■ **BRIEF**: Where a picture appears, leave it out, and transcribe all the lines below exactly.

■ **SUPPLIED DATA**:

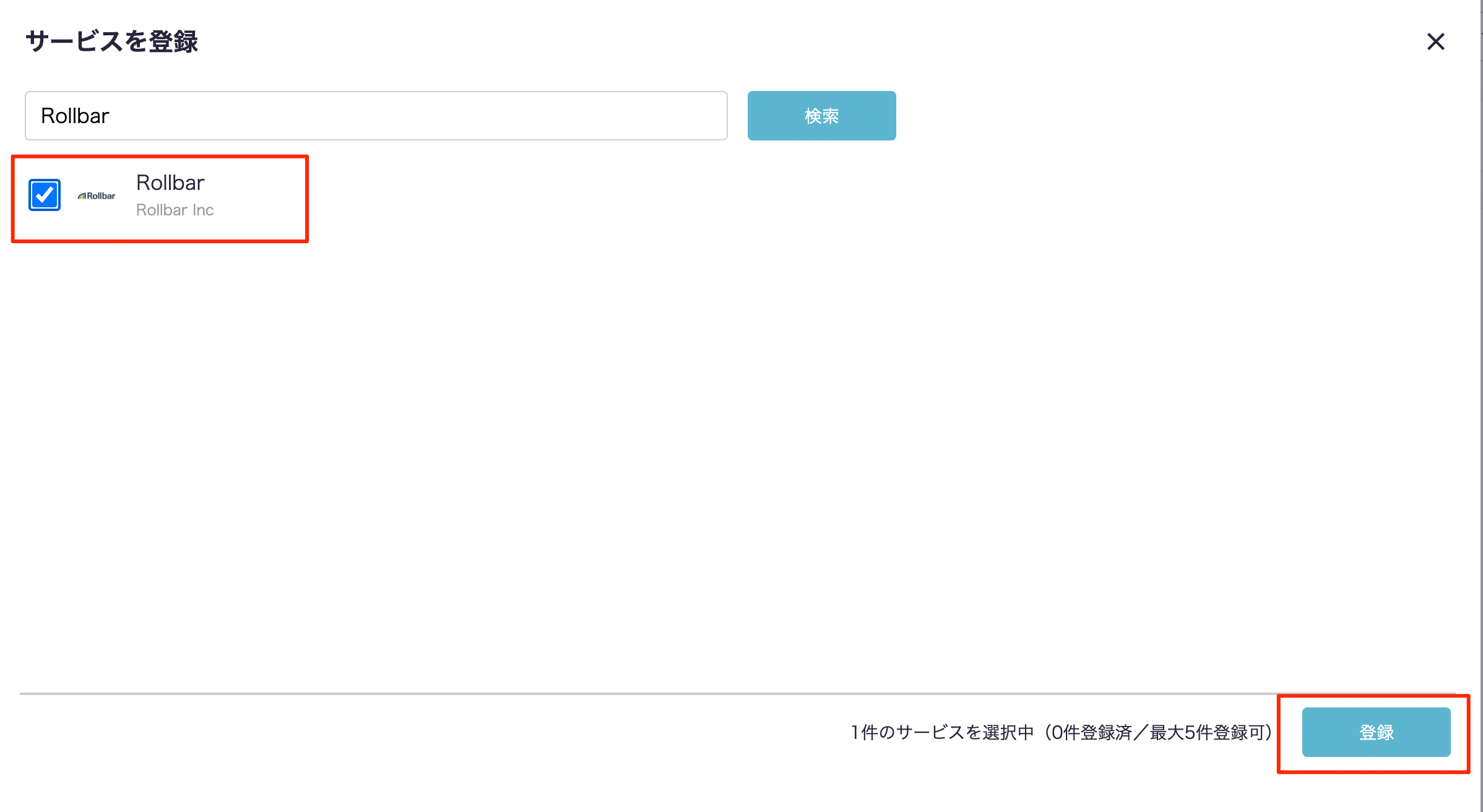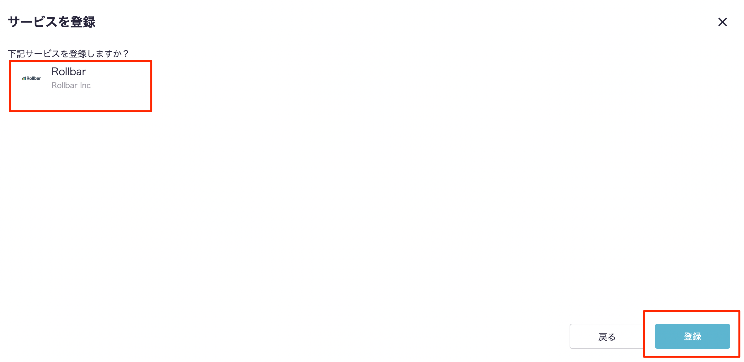 その後、下画像のようなモーダルが出現しますので、入力欄にサービス名である「Rollbar」と入力します。
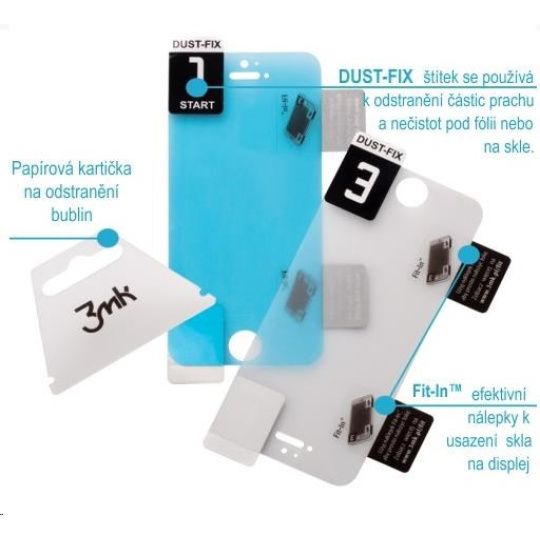 - Sada obsahuje: FlexibleGlass, kartičku na rozotretie bublín, polohovacie samolepky Fit-In™ a samolepky Dust-Fix™, čistiaci a suchý handriček
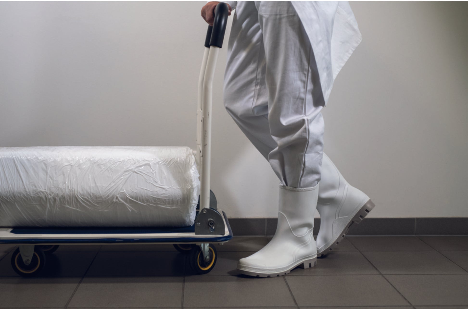 Bottes basses en PVC blanc et nitrile résistantes aux chocs, à base de graisses végétales et animales, avec semelle à profil profond. Hauteur 28 cm.
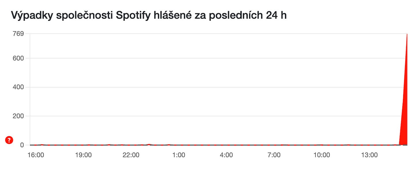 Spotify poněkud stávkuje (15:40, pondělí). A Netatmo ukazuje divné věci mimo vlastní aplikaci. Co ještě asi vypadlo?

■ **WRITTEN ANSWER**:
 その後、下画像のようなモーダルが出現しますので、入力欄にサービス名である「Rollbar」と入力します。
 - Sada obsahuje: FlexibleGlass, kartičku na rozotretie bublín, polohovacie samolepky Fit-In™ a samolepky Dust-Fix™, čistiaci a suchý handriček
 Bottes basses en PVC blanc et nitrile résistantes aux chocs, à base de graisses végétales et animales, avec semelle à profil profond. Hauteur 28 cm.
 Spotify poněkud stávkuje (15:40, pondělí). A Netatmo ukazuje divné věci mimo vlastní aplikaci. Co ještě asi vypadlo?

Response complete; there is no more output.